# **Predicting Stock Price Movements using VIX, Sentiment, and ARIMA-GARCH Predictions**

## **1. Objective**
The goal of this experiment is to predict **extreme stock price movements (drops/surges)** using a combination of:
- **VIX (Volatility Index)**
- **Stock-Specific Sentiment Analysis**
- **Historical Stock Prices**

We aim to develop a **7-day ahead prediction model** that can be used to assess short-term risk in individual S&P 500 stocks.

---

## **2. Data Features & Structure**

### **2.1 Training Dataset (Using Observed VIX Data)**
For each date **t**, we include:
- **VIX Information:**
  - `VIX (t)`: Current VIX value
  - `VIX (t - 7)`: VIX value 7 days ago
  - `VIX (t + 7) (Observed)`: Actual VIX value 7 days in the future (only used in training)

- **Sentiment Data:**
  - `Sentiment Label (t)`: Positive, Neutral, Negative
  - `Sentiment Score (t)`: Scaled score (-1 to +1)

- **Stock Price Data:**
  - `Lagged Price (t - 7)`: Closing price 7 days ago
  - `Percent Change (t - 7 to t)`: Price movement in the last 7 days

- **Target Variable:**
  - `Target (t + 7)`: 1 if the price drops/surges by a defined threshold in 7 days, 0 otherwise

| Date (t) | Ticker | VIX (t) | VIX (t - 7) | **VIX (t + 7) (Observed)** | Positive score |  Negative Score | Neutral Score | Highest Sentiment Label | Lagged Price (t - 7) | % Change (t - 7 to t) | Target (t + 7) | 
|----------|--------|---------|------------|---------------------------|------------|-----------|--------|--|-----------------|---------------------|--------------|
| 01/01/22 | AAPL   | 20      | 22         | 25                        | 0.2        | 0.5       | 0.3    | Negative           | $150            | -2%                 | 1 (drop)     |
| 01/01/22 | TSLA   | 20      | 22         | 25                        | 0.5        | 0.3       | 0.2    | Positive       |  $1,000          | +3%                 | 0 (no drop)  |

---

### **2.2 Testing Dataset (Using Predicted VIX from ARIMA-GARCH)**
For future predictions, we **replace observed VIX(t+7) with a predicted value** from the ARIMA-GARCH model.

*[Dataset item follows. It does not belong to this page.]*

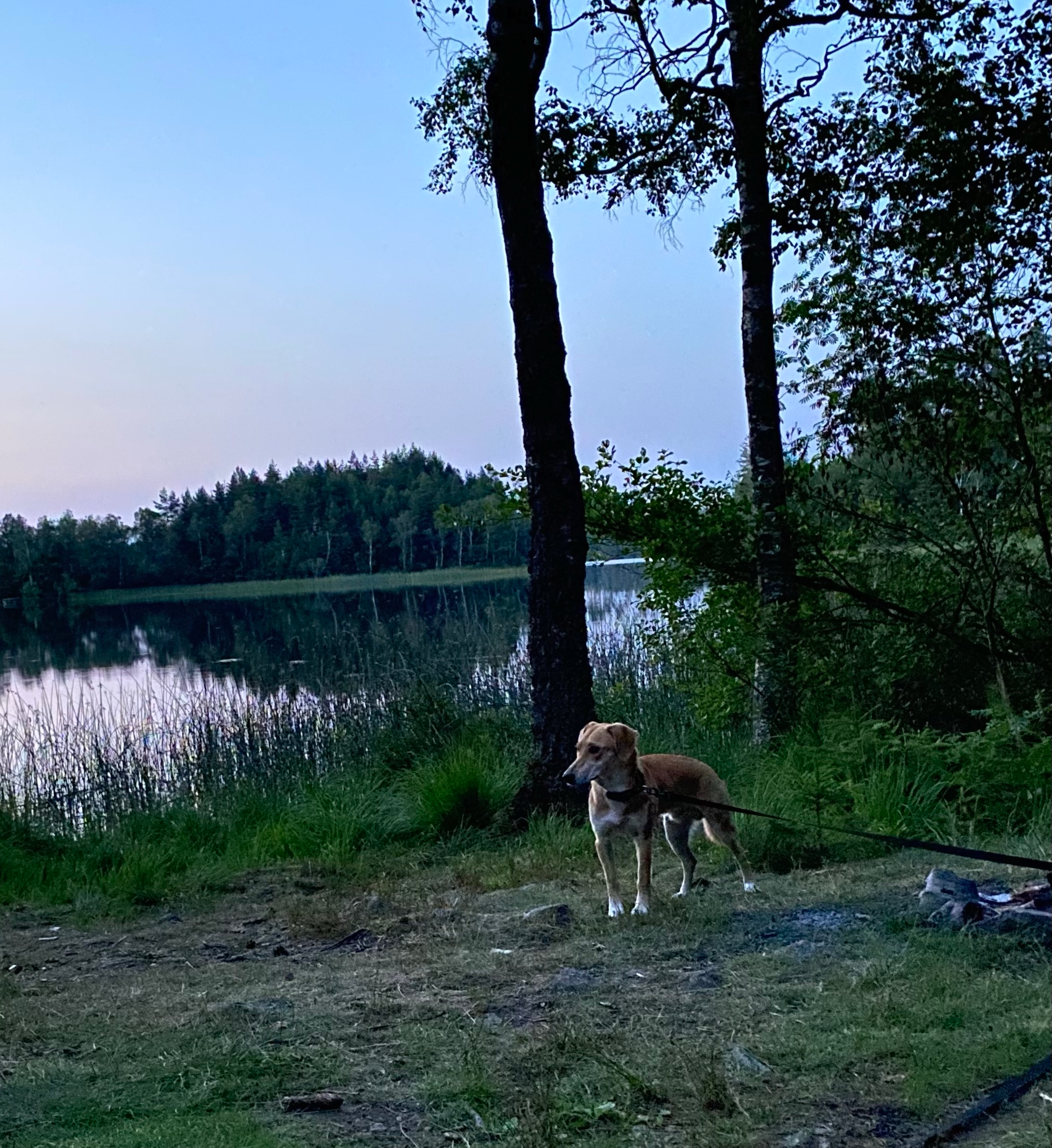 Gerade als ich mich mit einem leichten Schweißausbruch und der Feierabendzigarette aufs Sofa plumpsen lasse, kommt eine schwedische Familie an den See.

| Date (t) | Ticker | VIX (t) | VIX (t - 7) | **VIX (t + 7) (Predicted)** | Positive score |  Negative Score | Neutral Score | Highest Sentiment Label | Lagged Price (t - 7) | % Change (t - 7 to t) | Target (t + 7) | 
|----------|--------|---------|------------|---------------------------|------------|-----------|--------|--|-----------------|---------------------|--------------|
| 01/02/25 | AAPL   | 18      | 20         | **23 (Predicted)**        | 0.2        | 0.2       | 0.6    | Neutral           | $150            | -2%                 | 0 (no drop)     |
| 01/02/25 | TSLA   | 22      | 24         | **28 (Predicted)**        | 0.1        | 0.8       | 0.1    | Positive       |  $950          | +3%                 | 1 (drop)  |

---

## **3. Data Splitting Strategy**
To ensure proper model evaluation, we **split the dataset** into:
1. **Training Set (2015 - 2022)**
   - Uses **observed VIX(t+7)** for model learning.
   
2. **Validation Set (2023)**
   - Used for hyperparameter tuning.
   
3. **Testing Set (2024 - 2025)**
   - **Uses precomputed VIX predictions for t+7**, not observed values.
   - This simulates **real-world market conditions**.

---

## **4. Model Workflow**
1. **Train Initial ARIMA-GARCH Model (R)**
   - Fit ARIMA-GARCH using **VIX data from 01/01/2022 - 08/01/2024**.
   - Predict **VIX for 08/08/2024** and store it in **DuckDB**.

2. **Run Rolling Retraining for Future Predictions**
   - Every day, **retrain the model using up-to-date data**.
   - Predict **VIX for t+7**.
   - Store **VIX predictions** in **DuckDB**.

3. **Prepare Data in DuckDB**
   - Store **training and testing datasets** in DuckDB for easy retrieval.
   
4. **Train a Machine Learning Model**
   - Input: VIX, Sentiment, and Price data.
   - Output: Binary classification (drop/no drop).
   
5. **Evaluate Performance**
   - Compare accuracy using **observed vs. predicted VIX**.

---

## **5. Key Questions for Validation**
- Does **VIX (t-7)** provide additional predictive power?
- How does **sentiment influence stock-specific movements**?
- Does the model perform well when using **predicted VIX instead of observed VIX**?

---

## **6. Next Steps**
- Store **training dataset in DuckDB**.
- Train & test a **classification model (Logistic Regression, XGBoost, or LSTM)**.
- Validate **performance against unseen data**.

---

### **End of Documentation**